Strands provide a topological feature space for genome groups. Strands supply a method to compose a set of genomes as a named object in a common format and to compare with other strand objects. Since strands are sets, set metric correspondence MCC functions are provided. Strands also have a genome topology, so strand topological correspondence MCC functions are provided. In this section we provide details on strands, including the strand local vector coordinate system, and the various metrics functions provided for strand analysis and correspondence. Note that background discussion on strands is provided in Chapter 5, and agents are expected to build strands via the MCC API calls.

Single-Image vs. Multiple-Image Strands

Strands can be composed from genomes collected from a single-image segmentation or from genomes spanning multiple-image segmentations. Combining genomes from several segmentations of an image is also possible. Single-image strands are the default method for convenience because all the segmentation boundaries line up within the image with no overlap. Single-image strands are simple to visualize and supported by the online tools described in Chapter 5. However, a strand may be constructed from genomes spanning multiple segmentations of the same image under various pre-processing and segmentation parameters for better results. In Chapter 11, several practical guidelines for creating single-image and multiple-image strands are provided.

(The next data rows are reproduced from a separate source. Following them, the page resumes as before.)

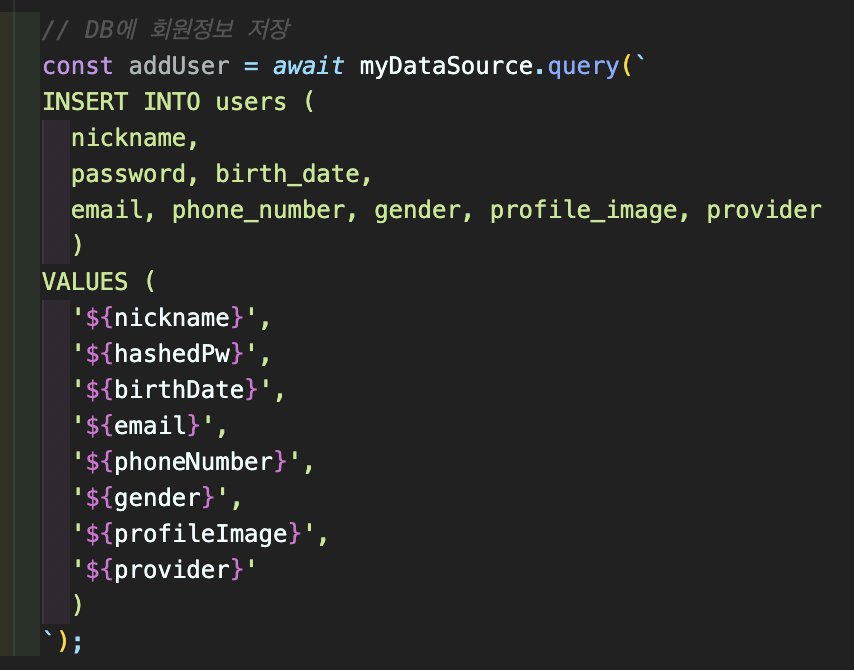 -Westagram Backend Project - TypeORM 설치 및 적용 dbConnection 정상 작동 확인 아래 링크에서 진행했던 TypeORM 설치에서 이어져서, [Express 초기 환경세팅/ TypeORM 설치] **(주황색) -Westagram Backend Project - 1. Express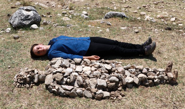 Mimar Sinan Üniversitesi Grafik Tasarım Bölümü 3’üncü sınıf öğrencisi Büşra Öğüt, okulunun pandemi sürecinde tatil olması nedeniyle Ağlasun ilçesindeki bin 100 rakımlı Akdağ Yaylası’ndaki evinde ailesiyle birlikte yaşıyor. Kadın cinayetlerine duyarsız kalmayan Büşra Öğüt, Akdağ Yaylası’ndaki arazide, küçük taşlarla kadın vücudunu betimleyen heykel yaptı.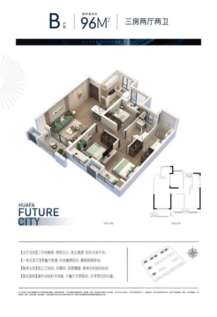 96㎡:三房两卫,总价约100万起,适合刚需家庭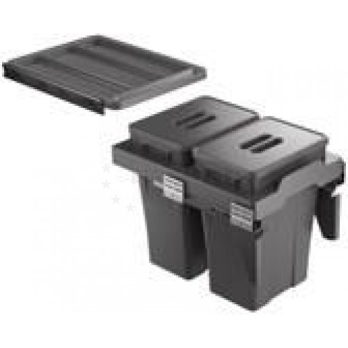 Ведро для мусора на направляющих с доводчиком. С крышкой и мини-выдвижной панелью. W360*D495*H545мм Объем 36л.Порошковое покрытие серого цвета. Для модуля шириной 400мм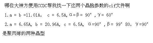 哪位大神方便用CCDC帮我找一下这两个晶胞参数的cif文件啊 1.a = b =11.01A, c = 6.5A,α=β= 90°,γ= 60° 2.a = 6.65A, b = 20.96A, c = 6.5A, α=90°,β= 99°80,γ=90° 是聚丙烯的两种晶型 360截图20150829095119406.jpg |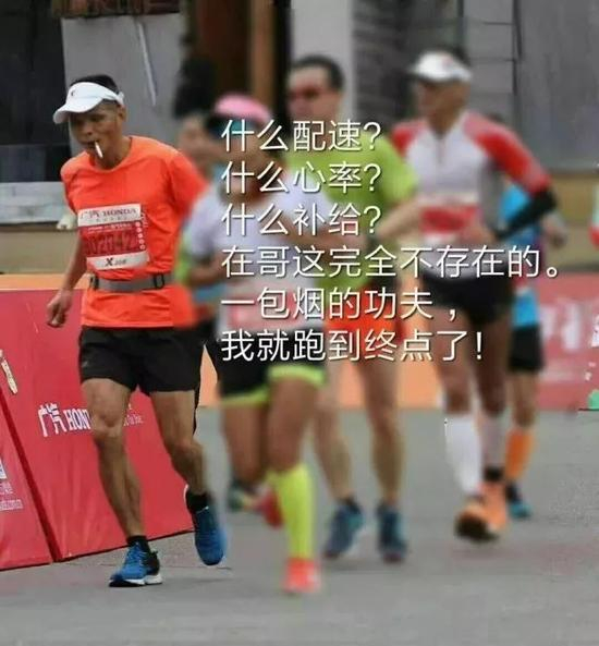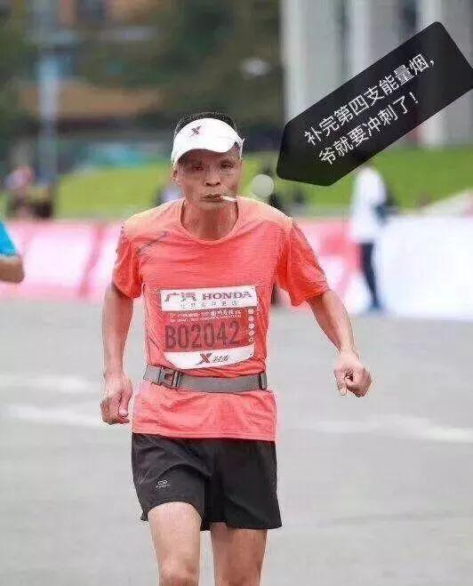 鲁迅说过:赛后一根烟,赛过活神仙!今年的杭州马拉松赛中,一位跑者在赛道中就抽起了烟,边跑边抽,毫不掉速,最终330跑完了全程,不少人惊叹:原来香烟才是马拉松最强补给啊!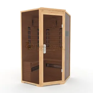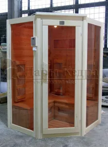 Это специально оборудованная кедровая кабина для прогрева тела человека сухим теплом. Воздух в таких парных не нагревается. Инфракрасные лучи воздействуют на тело, равномерно прогревая мышцы, суставы и органы. Керамические излучатели похожи на лампы, имеют высокую температуру нагрева, поэтому защищены противоожоговыми решетками. Тело человека в таких саунах нагревается интенсивнее. Работает кабина за счет электричества. Установка сауны в угол, позволяет рационально использовать пространство помещения. Подходит как для домашнего использования, так и для коммерции.

For strands constructed from multiple images and multiple segmentations, the genome region boundaries may overlap, which is okay (see Figure 8.1). In this case, the agent may simply collect chosen genomes together into a group and manage correspondence at the genome level, one compare at a time, instead of using VGM platform convenience functions which are intended for single-image strands.

Figure 8.1: Overlapping segmentation regions of the same features resulting from different segmentation and image pre-processing parameters. Genome features from both segmentations can be combined in multi-image strands.

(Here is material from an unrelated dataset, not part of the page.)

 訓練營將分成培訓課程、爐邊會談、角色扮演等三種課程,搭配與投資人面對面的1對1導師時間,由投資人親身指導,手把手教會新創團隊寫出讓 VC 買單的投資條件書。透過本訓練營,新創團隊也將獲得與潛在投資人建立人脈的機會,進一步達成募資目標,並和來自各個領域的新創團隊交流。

Strand Local Vector Coordinate System

Strands exist within a local vector coordinate system to define the relative distance and angles between each genome in the strand. As discussed in Chapter 3, the strand includes a start point (primary), end point (terminal), and genome location point (G) for each strand member (see Figure 8.2).

Figure 8.2: Strand local vector coordinate system details.

The length between the primary and terminal genomes is the unit length used to normalize all vector lengths in the local coordinate system, and the angle between the primary and terminal is unit angle 0, also used for normalizing angles. The intermediate genome order in the strand is arbitrary. The blue line shows a bidirectional vector between the primary and terminal genome centroids. The green lines are the vectors between the primary and intermediate genomes, and the red lines show the vectors between the terminal and intermediate genomes. The separate primary and terminal strand local coordinate systems provide a fail-safe mechanism, in case either the primary or terminal strand genome is not found, as shown in Figures 8.3 and 8.4 and discussed next.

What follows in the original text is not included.